- What you should do:
Exact copies of the lines from the one with "2月20日拍摄的南宁邕宁区蒲" through the last line of the entries, and no pictures, make up the answer.

- Material provided:
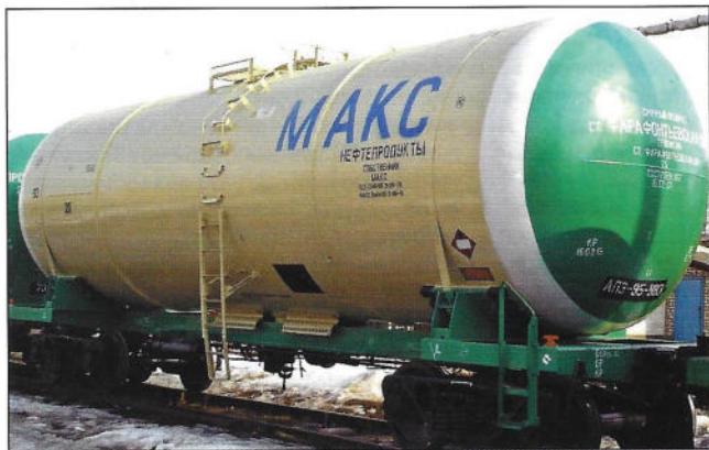
Рис. 3. Вагон-цистерна модели 15-1221 для перевозки авиационного топлива

Применение дифференцированного способа налива груза позволит увеличить экономический эффект на 8 — 12%. Использование безрамного ва-
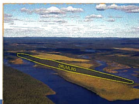
Drumlin entre deux tourbières (M.-A. Bouchard, MDDEP)
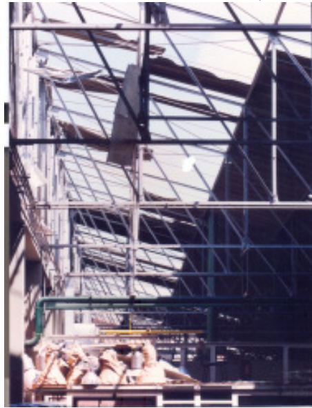
Muitas indústrias na rota do vendaval tiveram parte de suas instalações destruídas como mostra esta foto de como ficou o telhado da Starret

A rota de destruição também atingiu o Jardim São Judas Tadeu, devastando várias casas, comércios, um posto policial e parte de uma escola. Na sequência, o percurso do tornado saiu da zona urbana, atingindo novas propriedades rurais nas imediações da Estrada do Pau D’Alho e seguiu em direção ao vizinho município de Cabreúva/SP.
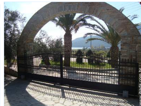
vista a partir da varanda
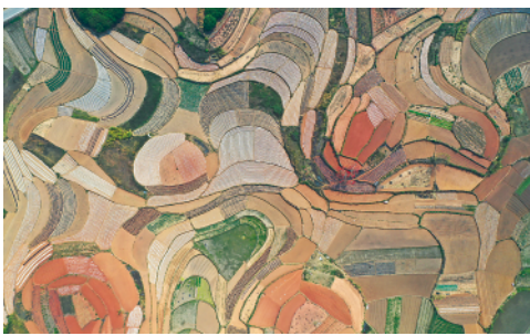
2月20日拍摄的南宁邕宁区蒲庙镇美丽的田园。春回大地,各地农民忙着春耕、春种,广袤田园生机盎然。
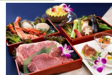
令和元年 神戸牛 2種バーベキューセット

フラップミート / タレ浸け牛フィレ / 国産豚肩ロース / アメリカ産牛ハラミ バジルチキン / 海老 / イカ串 / 餃子フランク / 万願寺唐辛子 パプリカ / エリンギ / 焼きおにぎり / 枝豆 / ポテト / サラダ / デザート
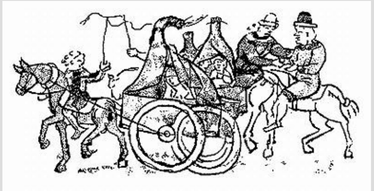
Половцы. Миниатюра из Радзивилловской летописи
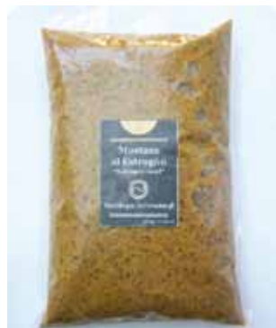
1/2 K - NAR 016
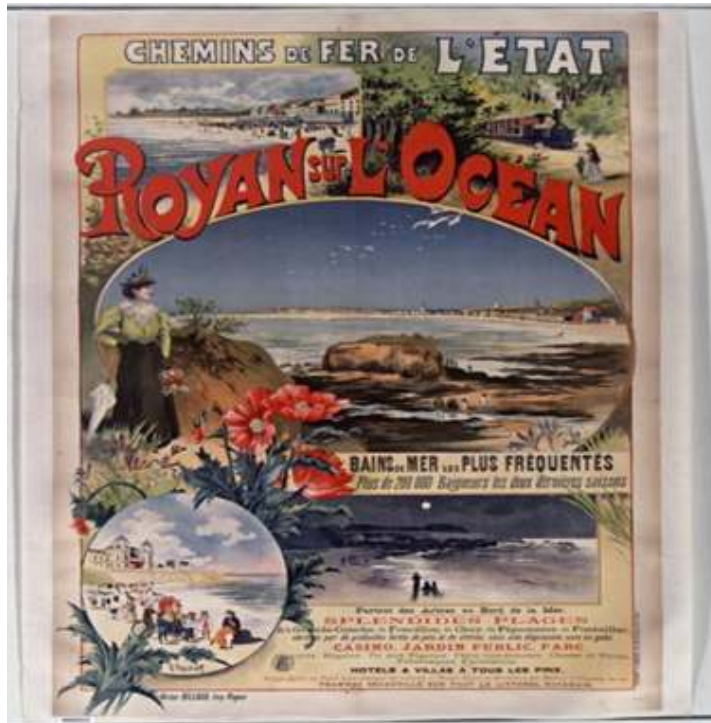
Figure 1. Affiche des chemins de fer de l'État, Royan sur l'Océan : des bains de mer les plus fréquentés.
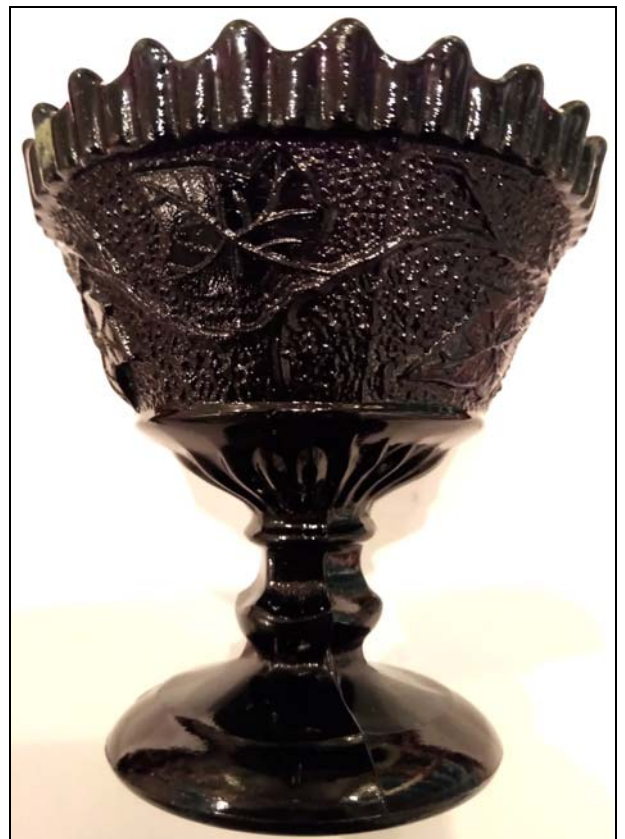
Abb. 2017-2/64-03 /-04/-05 (nächste Seite) Sahnekännchen mit Efeu-Muster, Zigarrenvasen (?) ..., unregelmäßig gekörnt, opak-schwarzes Pressglas, H ??? cm, D ??? cm Sammlung Groß keine Marke Henry Greener, Sunderland

- Expected answer:
2月20日拍摄的南宁邕宁区蒲庙镇美丽的田园。春回大地,各地农民忙着春耕、春种,广袤田园生机盎然。
令和元年 神戸牛 2種バーベキューセット

フラップミート / タレ浸け牛フィレ / 国産豚肩ロース / アメリカ産牛ハラミ バジルチキン / 海老 / イカ串 / 餃子フランク / 万願寺唐辛子 パプリカ / エリンギ / 焼きおにぎり / 枝豆 / ポテト / サラダ / デザート
Половцы. Миниатюра из Радзивилловской летописи
1/2 K - NAR 016
Figure 1. Affiche des chemins de fer de l'État, Royan sur l'Océan : des bains de mer les plus fréquentés.
Abb. 2017-2/64-03 /-04/-05 (nächste Seite) Sahnekännchen mit Efeu-Muster, Zigarrenvasen (?) ..., unregelmäßig gekörnt, opak-schwarzes Pressglas, H ??? cm, D ??? cm Sammlung Groß keine Marke Henry Greener, Sunderland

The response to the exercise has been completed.